On page 7 the authors present the contribution to the variance of three principal components: 54.5%, 29.0%, and 16.5%. As the authors claim, they are the transformation of data from 10 sensors. The sum of the contribution of these first three components is exactly 100%. That means that these 3 new variables contain all information from the original 10 variables. In my opinion, it is rather an error in calculations than a real result.
Reviewer 2 Report
The authors resubmitted their manuscript. The new version has been adequately revised according to my previous comments. Therefore, I recommend its acceptance for publication.
Reviewer 3 Report
The manuscript describes analysis of Chinese Herbal Medicine oil samples by GC-MS and an electronic nose. The results obtained by E-nose were further analysed by pattern analysis.
Unfortunately, the content is flimsy, and I can't find enough novelty of the work. Furthermore, I think that this kind of analysis of regional plants is not suitable for published in an international journal without outstanding novelty.

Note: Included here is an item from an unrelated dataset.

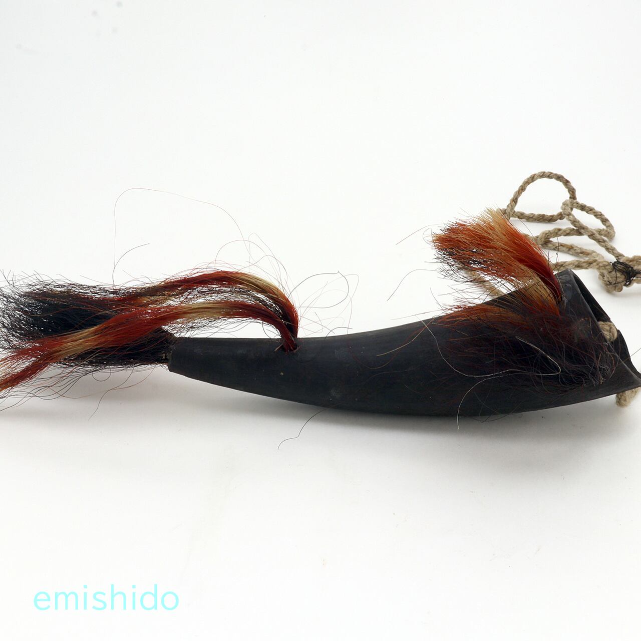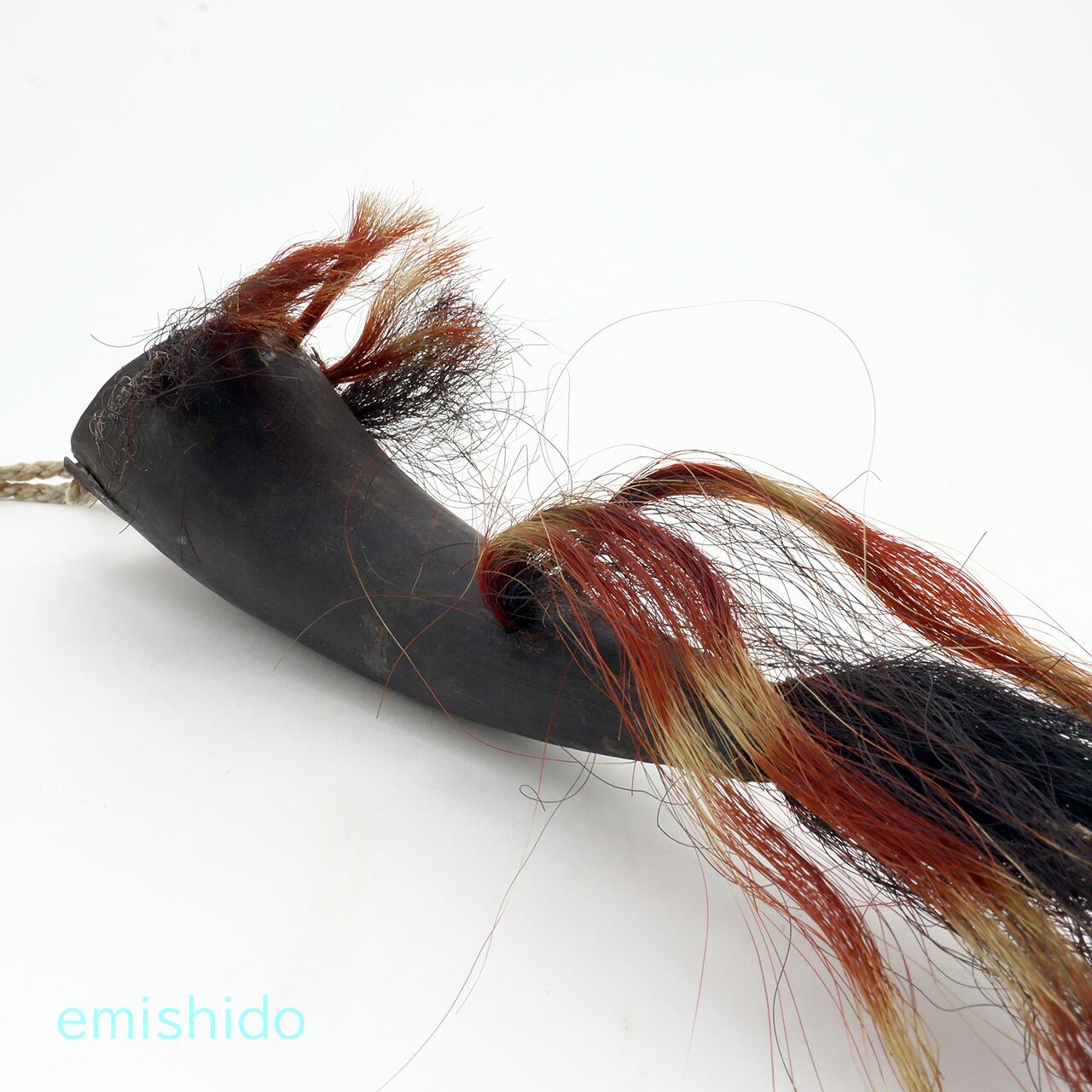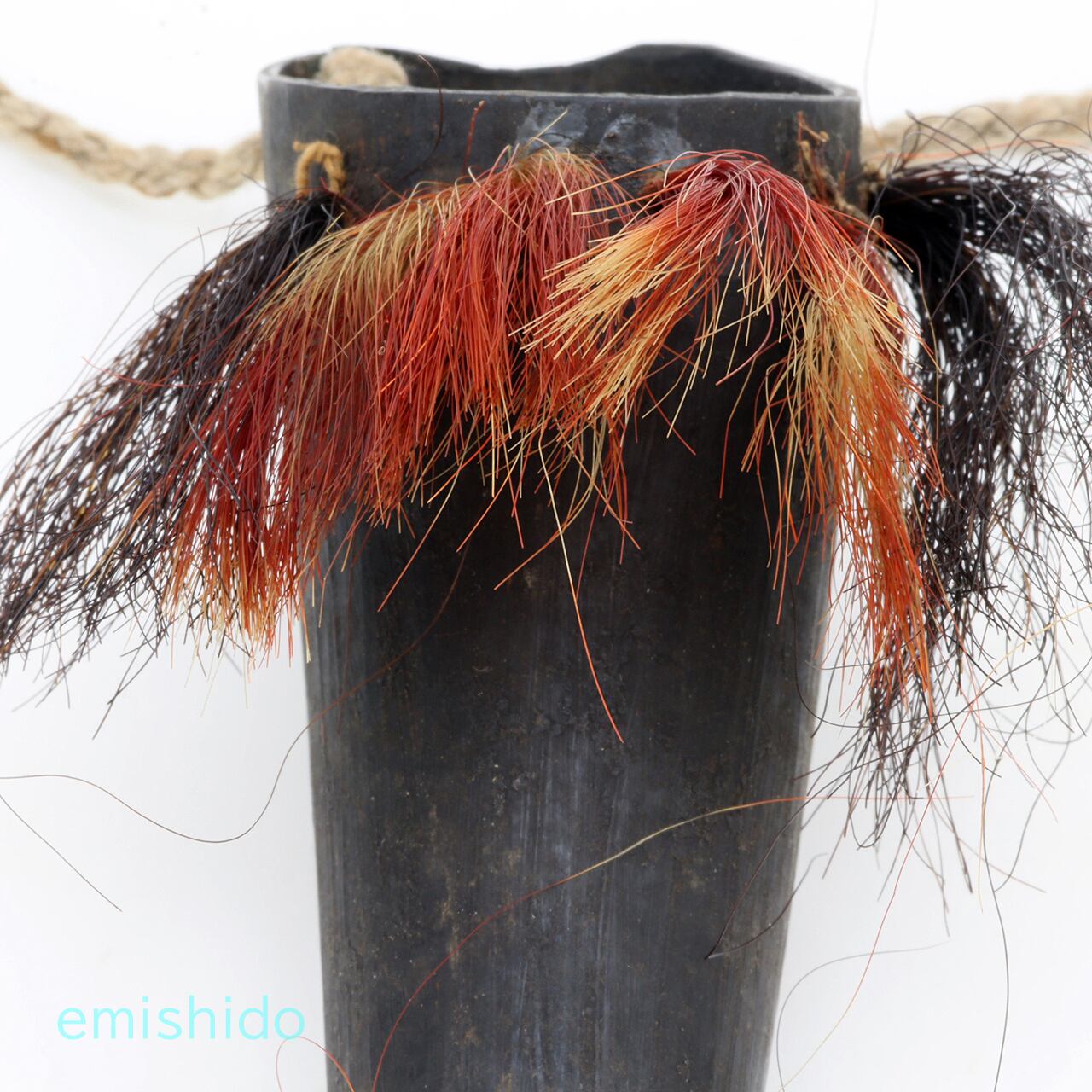 このような赤と黄色(または赤と黒)に染めたヤギの毛を使った飾りは、ナガ族の装飾のひとつの定型になっているようです。30cm以上ある角に毛を埋め込んだ腰飾りなどがあります。これはカゴの飾りで使われていたパーツをネックレスにして使っていたと思われます。

Therefore, I can't recommend acceptance of this manuscript.
Specific comments
1. Introduction, Line 2, should be "in clinical application for a long time in China."
2. Introduction, abbreviation that once defined must be used. i.g. MOS and PCA.
3. 2.4.2, A space must be inserted between a number and a unit. (column information)
4. 2.4.2, Sample injection volume and split ratio must be described.
5. 3.3, title, "Results of" is not needed. Section 3 is result section.
6. 4.1, title, I don't that the title is appropriate.
7. 4.1, I think that the contents described in section 4.1 is very flimsy.
8. 4.5, title, I don't think the title is appropriate.